=== WHAT TO WORK ON ===
Determine how many lines below contain the string "from" and give that number without anything else.

(DATA FOR THE TASK begins)

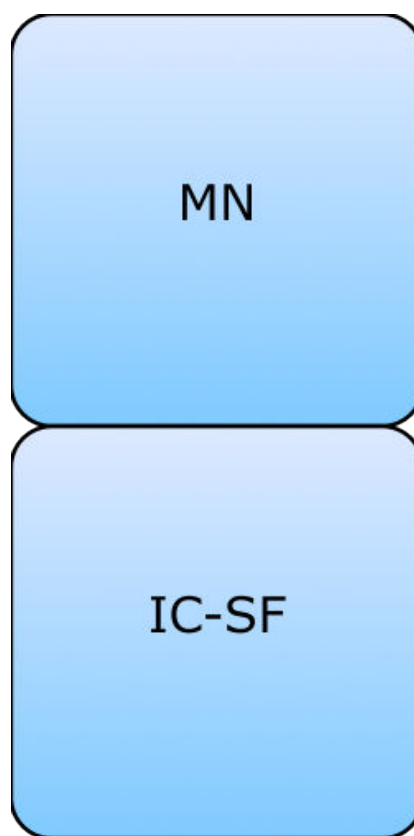
Figure 1 : Related Specifications
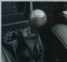
Fully reclining bucket seats (including a height adjustable driver's seat), full instrumentation, 5-speed close-ratio transmission and stylish alloy wheels are all standard on the Jetta GLI.
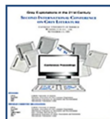
Washington DC United States, 1995
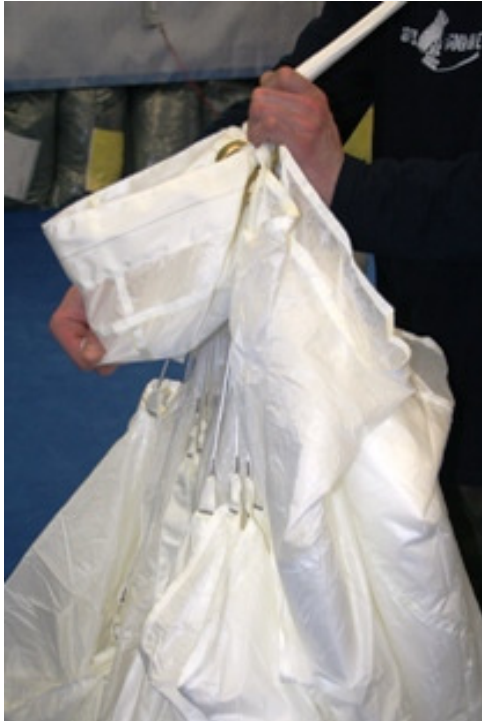
Step 7 / 1 Slider before being centred be- tween B and C lines.
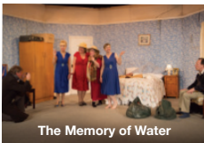
The Memory of Water
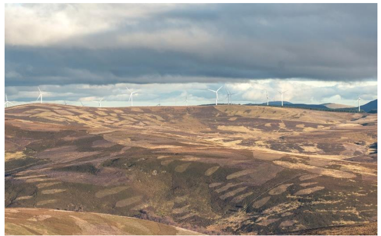
The proposed site, existing view showing Black Hill

Access would be taken from the A941, south of the site. A new junction would allow access up the existing estate track at Redford, which is situated to the east of Upper Cabraon.
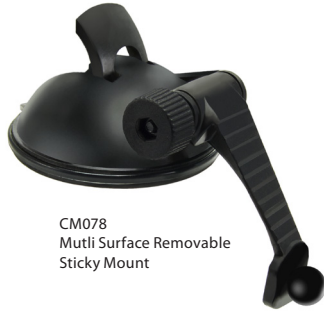
CM078 Multi Surface Removable Sticky Mount
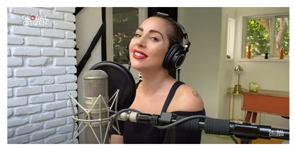
Figure 1. Lady Gaga performs Smile at "One World: Together At Home."

study (Alvarez-Cueva et al., 2020), longing emotions link with the desire and need to return to a pre-pandemic lifestyle. Through these emotions, it is possible to see how Covid-19 shifted known life worldwide, resulting in the emergence of romanticized references to what people used to do before the pandemic—a state that is both valuable and achievable with patience and faith.
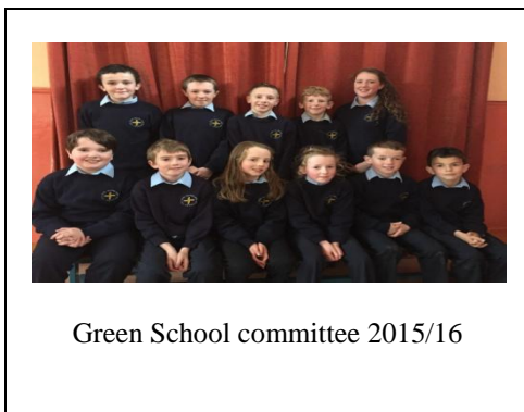
Green School committee 2015/16

Thank you and keep up the good work. Children are expected to wear the school uniform every day, except on P.E. days when school tracksuits should be worn.
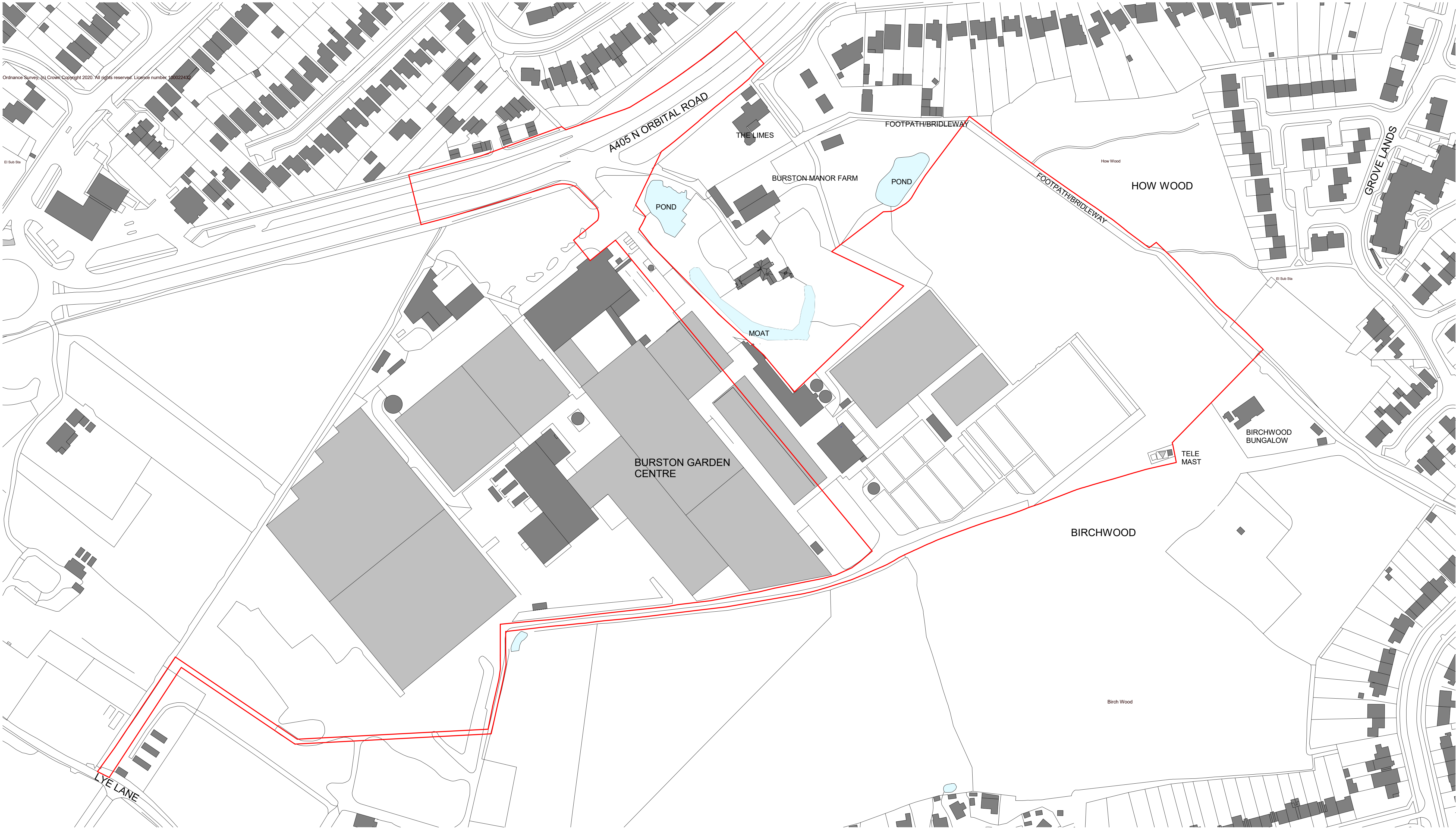
Existing Location Plan 1 : 1250

Ordnance Survey, (c) Crown Copyright 2020. All rights reserved. Licence number 100022432
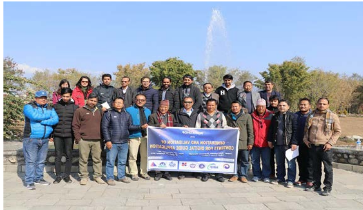
Figure 3: A photo from organized workshop

This workshop provides the information about the project, IMM with its artifacts, guidelines for collecting and generating information. Further, categorized the artifacts and built the teams with responsibility of collecting and generating artifact information, containing professional writers, museum staff, consultancy staff, and experts of the related field on the basis of the group of artifacts.
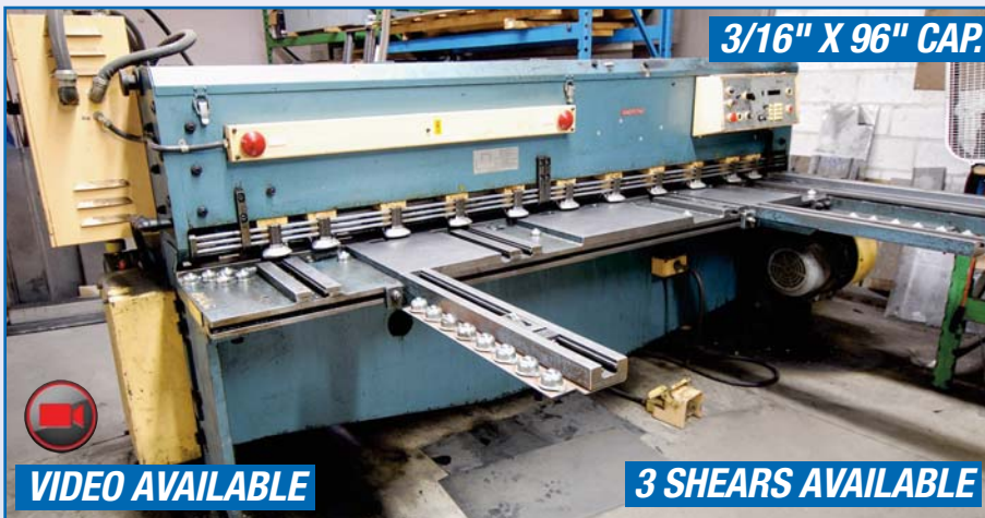
AMADA M-2545 POWER SHEAR

(DATA FOR THE TASK ends)

=== EXPECTED OUTPUT ===
2